The Institute of Marriage and Family Canada found that 76 per cent of Canadians (77 per cent of men and 75 per cent of women) believe it is best for children under six to be kept at home, cared for by a parent. Among parents who currently have children younger than six, the number in favour of stay-at-home parenting dips slightly to 69 per cent.
If a parent is unable to care for their child, parents believe the next best option is a relative, followed by a neighbourhood home day care, the study found. The least preferred option is larger for-profit or not-for-profit day-care centres.
A clear majority, 61 per cent, also believe government funding of children should go directly to parents in cash rebates or tax credits, as opposed to building and staffing day care.
“A lot of the activists on this don’t actually ask parents or go straight to parents, so we did,” said IMFC executive director Andrea Mrozek.
Current policies that favour day care and full-day kindergarten are squeezing out other options, Mrozek said.
“What public policy is doing is preferentially funding one form of care at the expense of all others,” she said.
“It’s not fair to say that parents are vying for a Maserati as opposed to an older car. There’s a basic option on the table that could be put on a level playing field with other options. The only one we seem to prioritize today is the institutional day care model and the creation of spaces.”
But despite what polls say, parents are bringing their kids to the optional full-day kindergarten programs, said Kevin Kobus, Ontario Catholic School Trustees Association executive director.
“The numbers would indicate that it’s an extremely popular program,” Kobus said. “There’s more that opt in than keep their children at home.”
By the time full-day kindergarten is fully implemented in 2014 the Ontario Ministry of Education expects to see 265,000 children attending. More than 60 per cent of Ontario’s full-day kindergartens today also offer before- and after-school programs at the request of parents, according to the Ministry of Education.
Child care centres aren’t trying to substitute for parenting, they’re trying to support parents and families, said Canadian Child Care Federation president and CEO Don Giesbrecht.
“There’s nobody, even folks within our organization that provide child care, who is not going to say that the parent should be the primary caregiver of their child. That’s not even part of the argument,” he said.
IMFC wants the government to fund families either through tax credits or direct payments so they can choose their own child care options. The problem with that approach, said Giesbrecht, is that if governments don’t invest in a system, individual families will never build a system. If the government handed every parent of a child under six $400 per month, the cost would come to $10 billion per year, but $400 a month can’t buy quality day care, he said.
For Ontario Catholic schools, full-day kindergarten has become an important tool to help build the Catholic system. Because the funding has been relatively equal between the public and Catholic systems, Catholic schools have had a fair opportunity to attract young parents, Kobus said.

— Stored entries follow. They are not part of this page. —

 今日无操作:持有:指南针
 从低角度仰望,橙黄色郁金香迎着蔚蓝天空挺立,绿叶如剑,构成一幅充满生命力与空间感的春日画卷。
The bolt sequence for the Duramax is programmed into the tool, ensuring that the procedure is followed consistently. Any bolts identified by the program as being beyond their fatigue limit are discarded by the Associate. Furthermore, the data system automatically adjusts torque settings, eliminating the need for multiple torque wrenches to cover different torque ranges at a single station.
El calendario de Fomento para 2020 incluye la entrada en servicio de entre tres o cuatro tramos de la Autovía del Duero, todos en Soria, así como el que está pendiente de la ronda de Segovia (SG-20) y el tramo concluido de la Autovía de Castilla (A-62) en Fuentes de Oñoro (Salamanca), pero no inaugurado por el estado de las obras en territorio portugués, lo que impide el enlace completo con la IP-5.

“Once a kid is in a school system, whether it’s public or Catholic, they tend to stay there,” he said.
Also, putting young children in a Catholic environment where prayer, church-going, Christmas and Easter are part of the child’s everyday experience furthers the real goal of supporting Catholic families, Kobus said.

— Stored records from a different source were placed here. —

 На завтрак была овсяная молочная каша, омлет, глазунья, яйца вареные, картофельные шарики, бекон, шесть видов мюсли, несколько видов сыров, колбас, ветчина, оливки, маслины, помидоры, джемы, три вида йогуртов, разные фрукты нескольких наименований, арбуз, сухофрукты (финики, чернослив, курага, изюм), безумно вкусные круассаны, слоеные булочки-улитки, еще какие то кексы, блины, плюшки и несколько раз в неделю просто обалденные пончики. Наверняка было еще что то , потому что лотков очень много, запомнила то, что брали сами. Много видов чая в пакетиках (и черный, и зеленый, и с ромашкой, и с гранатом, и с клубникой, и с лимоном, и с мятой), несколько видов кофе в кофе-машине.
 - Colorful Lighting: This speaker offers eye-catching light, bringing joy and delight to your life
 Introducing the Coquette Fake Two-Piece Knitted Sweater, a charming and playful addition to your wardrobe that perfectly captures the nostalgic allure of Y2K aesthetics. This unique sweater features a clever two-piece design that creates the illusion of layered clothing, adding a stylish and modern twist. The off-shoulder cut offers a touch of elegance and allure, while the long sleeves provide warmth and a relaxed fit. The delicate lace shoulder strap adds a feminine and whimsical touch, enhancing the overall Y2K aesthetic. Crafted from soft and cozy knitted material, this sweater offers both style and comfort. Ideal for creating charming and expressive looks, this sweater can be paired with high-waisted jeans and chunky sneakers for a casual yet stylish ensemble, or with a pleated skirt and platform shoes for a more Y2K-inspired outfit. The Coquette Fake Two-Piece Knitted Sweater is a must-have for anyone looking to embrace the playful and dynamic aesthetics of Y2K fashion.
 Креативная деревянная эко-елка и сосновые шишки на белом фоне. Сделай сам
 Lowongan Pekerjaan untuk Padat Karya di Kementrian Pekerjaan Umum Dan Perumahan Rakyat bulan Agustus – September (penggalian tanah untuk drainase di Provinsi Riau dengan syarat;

“It’s prior to the ages at which they would receive the sacraments, but to have that early exposure to Catholic teaching and a Catholic environment by Catholic teachers is certainly a positive,” he said.
“And my sense is that once they’re in that JK and SK program they stay in that Catholic school for the duration of their elementary schooling.”

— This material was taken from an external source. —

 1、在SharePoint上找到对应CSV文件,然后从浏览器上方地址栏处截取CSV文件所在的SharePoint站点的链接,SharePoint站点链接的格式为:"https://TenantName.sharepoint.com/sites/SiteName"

Quality early childhood education also has an important social justice goal, said Kobus. The distinct advantages that rich and middle class families have in raising their children tends to erect permanent class barriers for poor children who historically have fared worse in the education system.
“There are options that wealthier parents would have for four- and five-year-olds that many in society would not have. The levelling out would seem to be one of the consequences and one of the benefits of having this program,” said Kobus. “We think it’s the right policy direction.”
Mrozek believes research used by the Ontario Ministry of Education to support the idea that children learn better when they have early exposure to school is biased. She cites Dr. Gordon Neufeld, A Vancouver developmental psychologist and author of Hold On To Your Kids, to argue institutional day care socializes kids badly, encouraging them to identify more with their peers than their parents.
“When we examine these things we have to be fair with parents and indicate that this step toward universal kindergarten programs or funding for institutional day care spaces is not universally beneficial for children. Nowhere in the research does it indicate that it is.”
In real life women work and want to work while families also want the best care for their children, said Giesbrecht.
“Just putting money in the pockets of families does nothing to address quality,” he said. “We still need supports for families. Parenting is not being done in isolation. You still need quality early childhood programs to support the development and growth of children, and just as importantly to support families and the incredibly challenging job called parenting.”
The study comprised online interviews with 2,200 Canadians and has a 2.2 per cent margin of error, 19 times out of 20.